Анна потерла ладонью больной лоб.
— Пойдем отсюда. Я уже ничего не вижу. Не могу поднять век.
Тут она услышала его испуганный голос:
— Я тебя провожу до дома. С ума можно сойти! Ты не видишь, они не видят… Везде темнота.
— Не можешь ли ты… Прости, не можешь ли ты перестать говорить об этом?
— Конечно. Правда, ты не исключение и так же, как они, закрываешь глаза, чтобы не видеть неприятную действительность, но на сей раз ты и в самом деле слепа.
— В самом деле, — призналась она, не пытаясь даже поднять веки.
Они шли довольно долго молча, пока наконец Зигмунт не спросил:
— А что об этом думают в Геранде? Что пишет отец?
Анна вздохнула.
— Он не понимает, почему мы заставляем всю Европу воевать из-за одного мало кому известного порта, в котором никогда не был ни он, ни кто-либо из его товарищей, бывших моряков? И уж совершенно ему непонятно, на чем основана независимая политика польского правительства. Если мы не хотим опереться ни на одного из соседей, то откуда мы получим помощь? И чью? Геранд стоит на берегу Атлантического океана с XIV века и хочет там остаться. И не будет вмешиваться в дела, которые его не касаются и в которых чувствуется излишняя горячность всех этих славян. Ces Slaves.
Маршальша, обеспокоенная приближением войны, купила не только бричку и лошадь, но и использовала все свое влияние, чтобы ей немедленно установили телефон в «Мальве». Как-то вечером она позвонила на Хожую и пригласила Адама с женой в субботу на ужин. Оказалось, что накануне из Праги вернулись отозванные из чешского посольства родственники, которых Анна еще не знала и которых на несколько недель приютила в Константине прабабка. Это был Павел Толимир, брат Хуберта, женатый на худой и похожей на него угловатой Пауле, дочери одного из самых крупных — после Фукера — поставщиков вин в Варшаву.
Адам спросил Павла, как он оценивает обстановку, и тот, прищурив живые глаза и чокаясь с ним, объяснил:
— Моя жена не хотела оттуда уезжать и не верила в конец чехов.
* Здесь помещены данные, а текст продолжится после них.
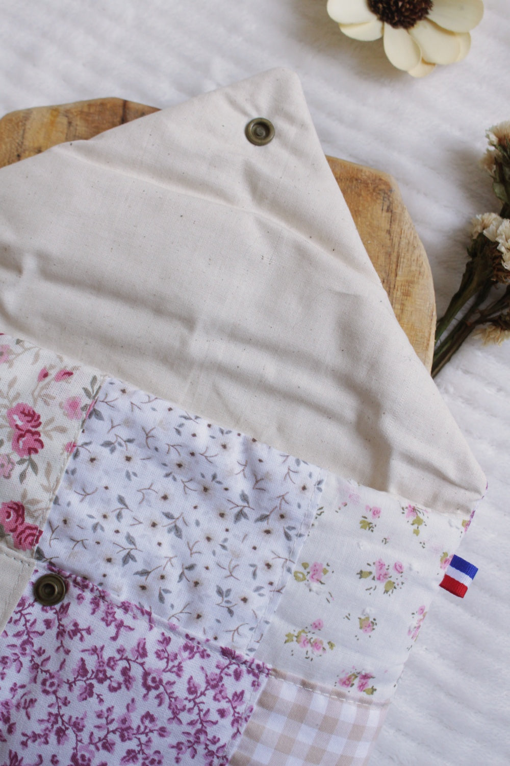 Le patchwork a été réalisé par mes soins avec mes chutes et fin de tissus, le temps de confection est donc plus long qu'une pochette avec uniquement deux tissus (2h de découpe/couture pour les patchwork). Chaque modèle est unique de part l'emplacement des motifs et refermé au point invisible. Cette pochette est donc disponible en édition limitée (moins de 3 unités par modèle)

Видно, она об этом деле знала не больше самого Гахи [19] . А я каждый день ждал звонка из Варшавы о нашем отзыве. То, что случилось, опаснее, чем вы все думаете. Чехословакия после фактического присоединения к рейху потеряет все свои фортификации. Для того я и сидел там несколько лет, чтобы убедиться, что заводы Шкоды мало в чем уступают Круппу и что по меньшей мере тысяча пятьсот самолетов, а также несколько сот современных танков — не считая зенитных орудий и многих миллионов артиллерийских снарядов — попадут немцам в руки. А кроме того, новое чешское правительство сделает все, что захочет Гитлер, оно даже готово расторгнуть договор с Советским Союзом. Паула, прошу тебя…
19
Гаха, Эмиль (1872—1945) — чешский реакционный политический деятель, сотрудничавший с Гитлером.
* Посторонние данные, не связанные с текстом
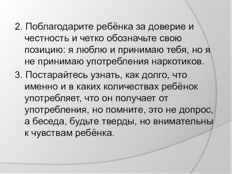 Слайд 202. Поблагодарите ребёнка за доверие и честность и четко обозначьте свою

Паула, которая в этот момент подносила рюмку к губам, поколебавшись, отставила ее.
— Но ведь это только настойка из черной смородины! — пыталась оправдаться она, капризно надув губы.
— Знаю, но у тебя слабая голова. Кроме того, я должен быть абсолютно трезв с самого утра. А когда ты пьешь… Я завтра должен докладывать о том, что слышал в Праге.
— Ах, этот твой штаб! К тому же ты идешь туда без меня, — огрызнулась Паула и тут же добавила: — Ну еще одну, последнюю. И тебе налью.